Once passed, the now not-so-green reporter can claim to be a ‘senior’ and expect a boost in pay. There are, however, a few caveats.
You can only sit the test after 18 months on the job, the assessments only take place once every six months in specific locations (for me it was in Wolverhampton) and if you don’t pass any of the three exercises on the day you fail outright. And then you have to wait another six months, on very low pay, to resit.
In a mock interview, an editor of another local newspaper pretended to be a police spokesman who would eke out information on a race-related attack on a house.
I played along with this scenario with the knowledge that in the real world I had already made inroads into the Muslim community in an area that was a  focal point for the BNP (and now English Defence League).

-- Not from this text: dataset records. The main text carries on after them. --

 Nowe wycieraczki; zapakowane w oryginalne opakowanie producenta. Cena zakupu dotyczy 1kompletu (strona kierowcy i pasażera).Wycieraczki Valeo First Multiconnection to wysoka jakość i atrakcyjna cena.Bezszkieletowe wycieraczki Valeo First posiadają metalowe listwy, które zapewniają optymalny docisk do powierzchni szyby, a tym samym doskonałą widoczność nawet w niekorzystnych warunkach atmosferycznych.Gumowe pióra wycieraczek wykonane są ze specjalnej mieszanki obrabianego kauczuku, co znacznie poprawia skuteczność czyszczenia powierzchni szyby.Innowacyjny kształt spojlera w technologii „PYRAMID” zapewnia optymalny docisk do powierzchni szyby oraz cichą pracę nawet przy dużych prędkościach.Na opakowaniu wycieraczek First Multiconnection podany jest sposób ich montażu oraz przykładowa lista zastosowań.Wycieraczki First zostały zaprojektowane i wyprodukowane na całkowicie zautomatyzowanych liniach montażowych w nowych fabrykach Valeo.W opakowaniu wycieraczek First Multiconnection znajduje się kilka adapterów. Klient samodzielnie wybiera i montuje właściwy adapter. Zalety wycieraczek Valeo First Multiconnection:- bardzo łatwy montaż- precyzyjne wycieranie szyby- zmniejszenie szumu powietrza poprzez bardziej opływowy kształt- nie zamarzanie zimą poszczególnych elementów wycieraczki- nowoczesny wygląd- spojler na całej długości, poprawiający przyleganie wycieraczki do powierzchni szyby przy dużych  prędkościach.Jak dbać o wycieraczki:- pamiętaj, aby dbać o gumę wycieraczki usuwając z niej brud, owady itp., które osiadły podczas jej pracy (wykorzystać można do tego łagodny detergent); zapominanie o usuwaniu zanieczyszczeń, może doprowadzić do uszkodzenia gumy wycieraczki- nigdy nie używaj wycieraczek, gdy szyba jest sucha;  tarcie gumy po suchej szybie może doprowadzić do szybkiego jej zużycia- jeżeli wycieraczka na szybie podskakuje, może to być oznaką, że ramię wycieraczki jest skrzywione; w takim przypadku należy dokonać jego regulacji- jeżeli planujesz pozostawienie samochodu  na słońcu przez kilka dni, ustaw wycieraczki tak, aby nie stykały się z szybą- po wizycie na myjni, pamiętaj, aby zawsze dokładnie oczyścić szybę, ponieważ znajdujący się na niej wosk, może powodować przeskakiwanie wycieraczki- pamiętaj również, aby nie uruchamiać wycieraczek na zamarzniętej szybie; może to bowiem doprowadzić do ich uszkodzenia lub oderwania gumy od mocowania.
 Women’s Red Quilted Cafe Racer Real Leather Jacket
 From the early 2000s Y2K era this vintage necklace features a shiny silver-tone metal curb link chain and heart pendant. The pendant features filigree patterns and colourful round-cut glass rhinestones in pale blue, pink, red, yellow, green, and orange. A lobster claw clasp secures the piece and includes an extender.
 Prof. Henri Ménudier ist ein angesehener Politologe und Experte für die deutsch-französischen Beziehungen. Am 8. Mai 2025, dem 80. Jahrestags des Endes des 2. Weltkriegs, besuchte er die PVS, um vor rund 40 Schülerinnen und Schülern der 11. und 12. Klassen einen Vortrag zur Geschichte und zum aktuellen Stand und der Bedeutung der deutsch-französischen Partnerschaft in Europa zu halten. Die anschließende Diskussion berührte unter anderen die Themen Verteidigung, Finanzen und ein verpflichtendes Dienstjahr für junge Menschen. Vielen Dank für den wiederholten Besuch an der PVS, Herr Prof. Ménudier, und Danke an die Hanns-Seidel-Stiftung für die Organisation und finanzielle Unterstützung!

It was also with the knowledge that a few years before I had sat, and passed with distinction, an NCTJ-accredited diploma in journalism at great expense to myself. Again, that didn’t matter.

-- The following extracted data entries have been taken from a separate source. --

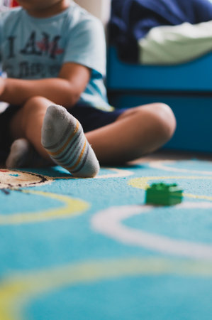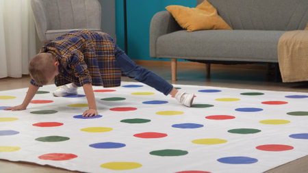 Close up of the bright room, twister game on the floor, boy playing, stepping on colorful dots with hands and feet.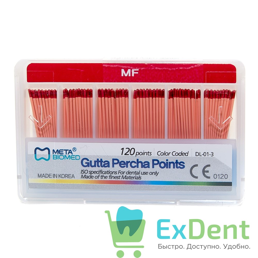 Гуттаперчевые штифты MF Meta - для пломбирования корневых каналов (120 шт)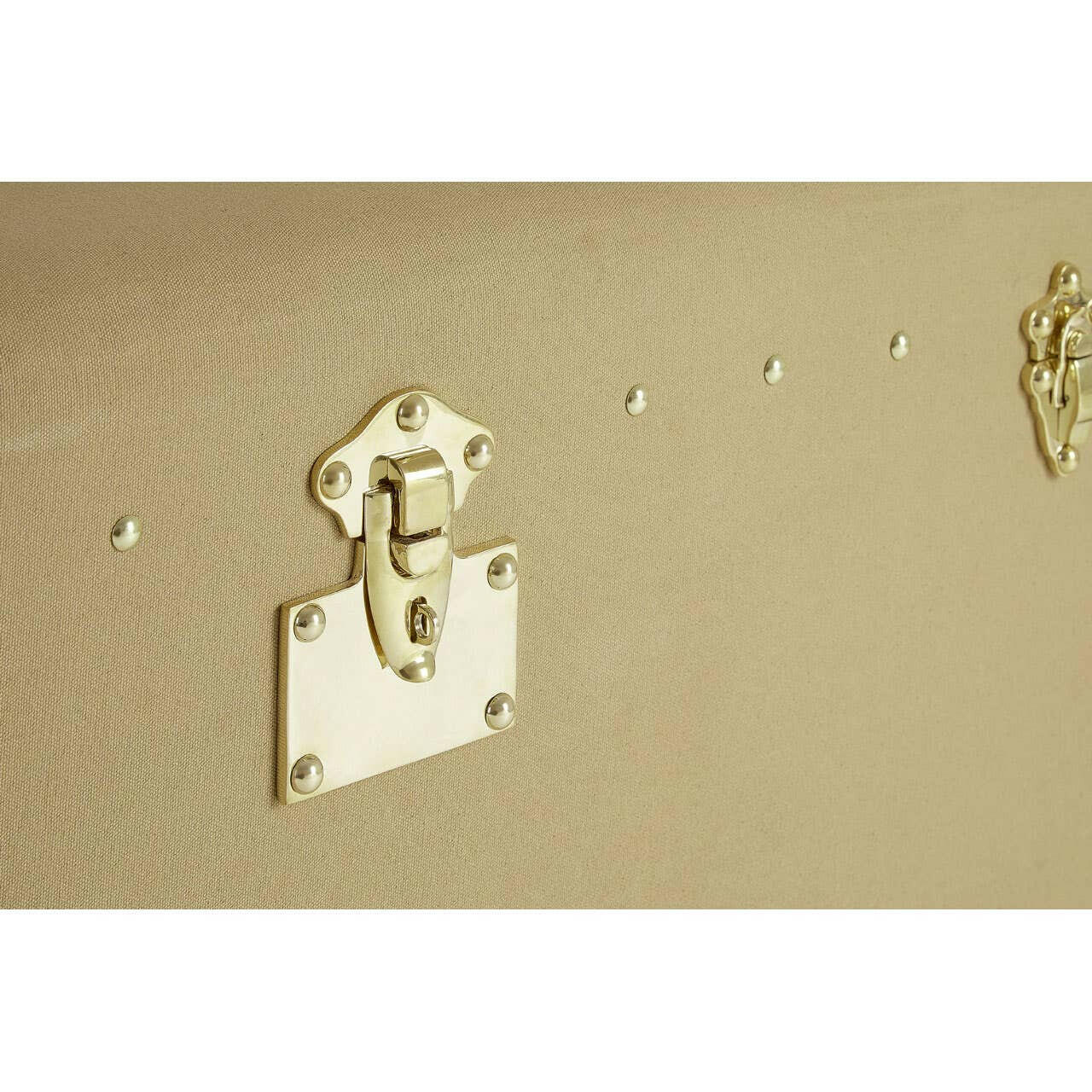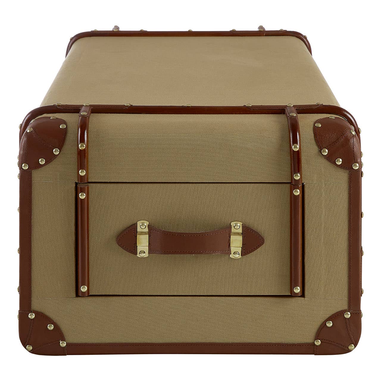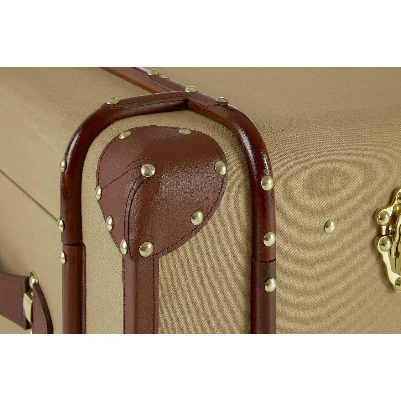 Its case is made from eco-friendly mango wood and is covered with textured canvas. The canvas has a natural colour that complements the brown, genuine leather detail at the corners and sides. Its side drawers feature coordinating leather handles, while the stud detail complements the metal clasp locks that secure its lid.

The NCE was – and remains – the biggest racket in journalism. It’s like a role-playing exercise that can leave you in the poorhouse for the best part of a year.
What I find staggering is that in an industry that is hampered by low-pay, large numbers of middle-class graduates and exploitation, a system as archaic as this is still accepted as an excuse to keep an experienced journalist’s pay down. If we were performing brain surgery rather than death knocks then I could understand the need for professional assessments.
Fortunately, the NCTJ does not have the monopoly on journalism training as companies such as Trinity Mirror run in-house schemes but it does remain the most popular.
The average ‘cub’ reporter is already qualified in media law, shorthand and everything else is obtained through experience but one off-day risks placing even more financial pressure on those trying to break into what is becoming an increasingly closed shop.
In an age of blogs, DIY-publishing and the rise of multimedia, hopefully the NCE pantomime will be going the way of most local newspapers.